■ Task requirements
The lines from the one holding "Progression is achieved" through the end of the records below are to be written out exactly, and nothing else; pictures are to be left out.

■ Data listing
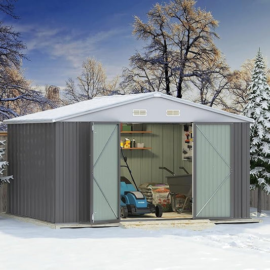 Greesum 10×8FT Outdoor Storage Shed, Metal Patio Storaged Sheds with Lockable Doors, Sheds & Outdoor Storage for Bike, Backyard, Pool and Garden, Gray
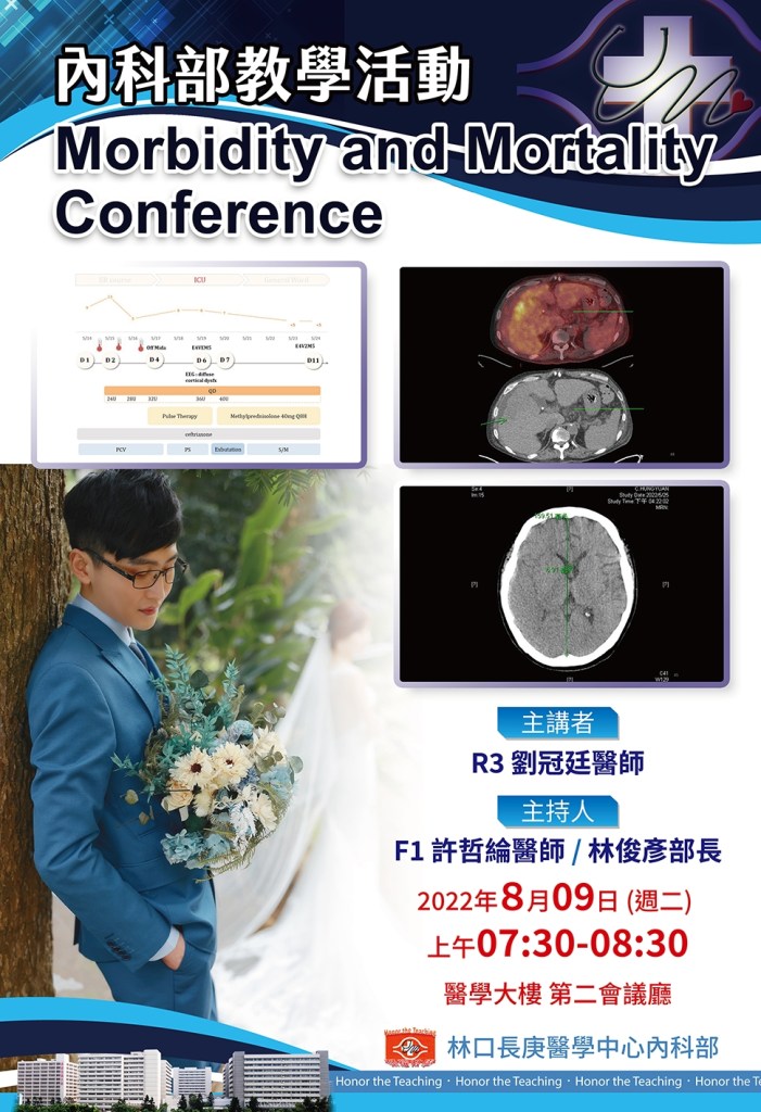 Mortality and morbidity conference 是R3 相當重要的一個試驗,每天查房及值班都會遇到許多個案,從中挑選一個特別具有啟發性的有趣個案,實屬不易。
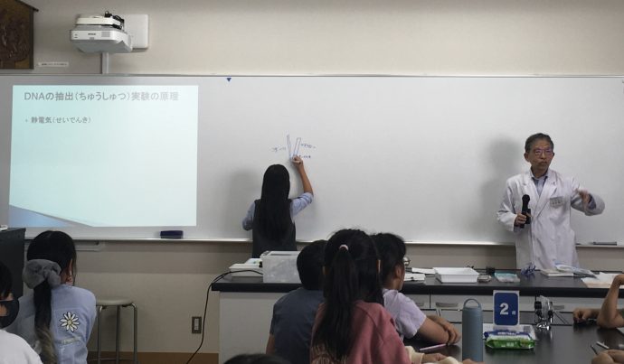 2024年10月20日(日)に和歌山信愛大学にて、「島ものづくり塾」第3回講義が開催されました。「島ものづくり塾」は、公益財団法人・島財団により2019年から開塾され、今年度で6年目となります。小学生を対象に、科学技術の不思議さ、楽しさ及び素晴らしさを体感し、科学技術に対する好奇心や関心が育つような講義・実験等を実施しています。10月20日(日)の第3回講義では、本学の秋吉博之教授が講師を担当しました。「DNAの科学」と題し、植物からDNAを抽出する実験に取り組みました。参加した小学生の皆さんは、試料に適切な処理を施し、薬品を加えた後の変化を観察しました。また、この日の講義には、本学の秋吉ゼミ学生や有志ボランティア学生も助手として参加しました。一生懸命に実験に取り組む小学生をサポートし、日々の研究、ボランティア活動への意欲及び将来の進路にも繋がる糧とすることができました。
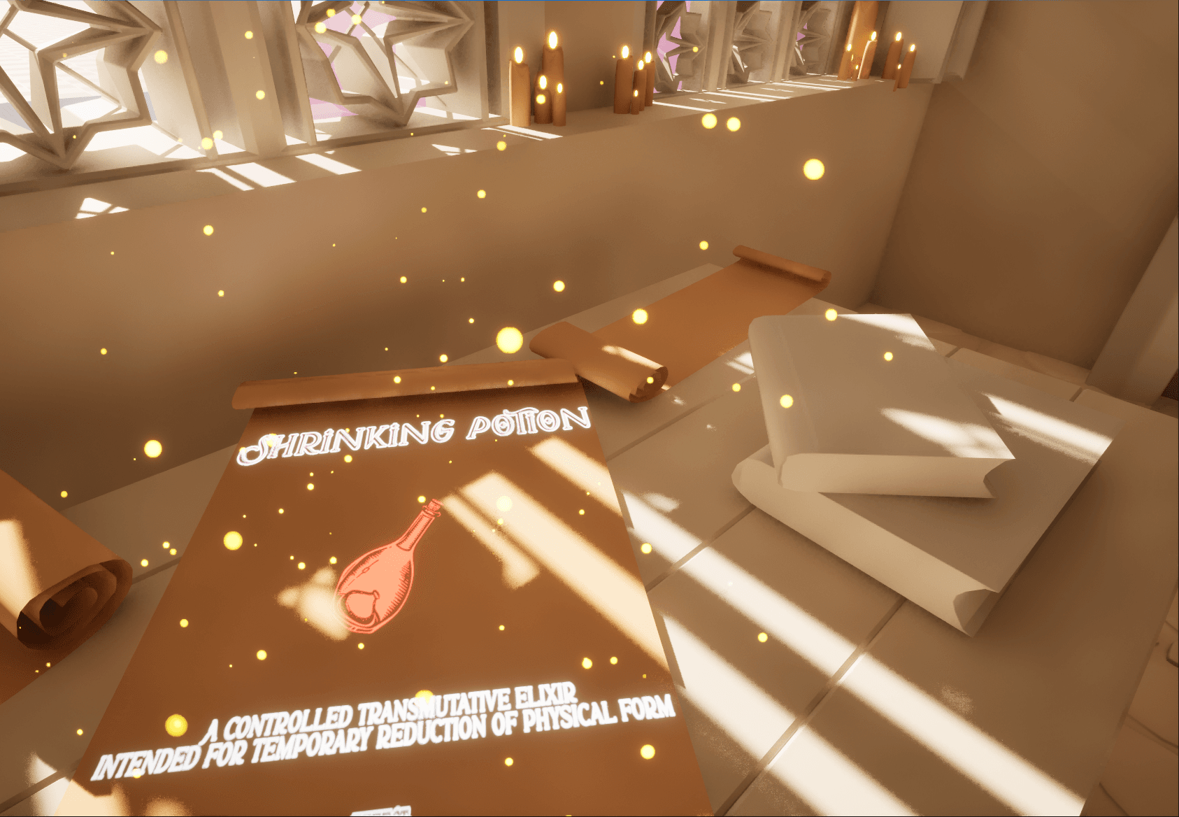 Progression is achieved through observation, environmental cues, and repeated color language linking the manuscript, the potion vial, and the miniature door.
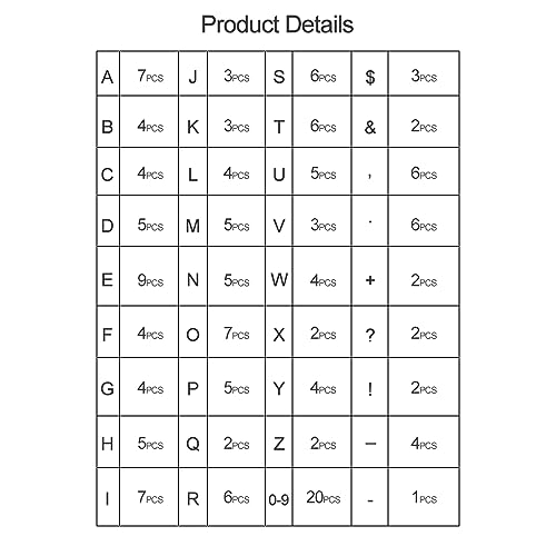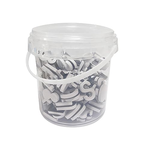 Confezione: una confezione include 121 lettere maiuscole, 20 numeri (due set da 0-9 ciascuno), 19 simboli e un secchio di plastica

■ Response area
 Progression is achieved through observation, environmental cues, and repeated color language linking the manuscript, the potion vial, and the miniature door.
 Confezione: una confezione include 121 lettere maiuscole, 20 numeri (due set da 0-9 ciascuno), 19 simboli e un secchio di plastica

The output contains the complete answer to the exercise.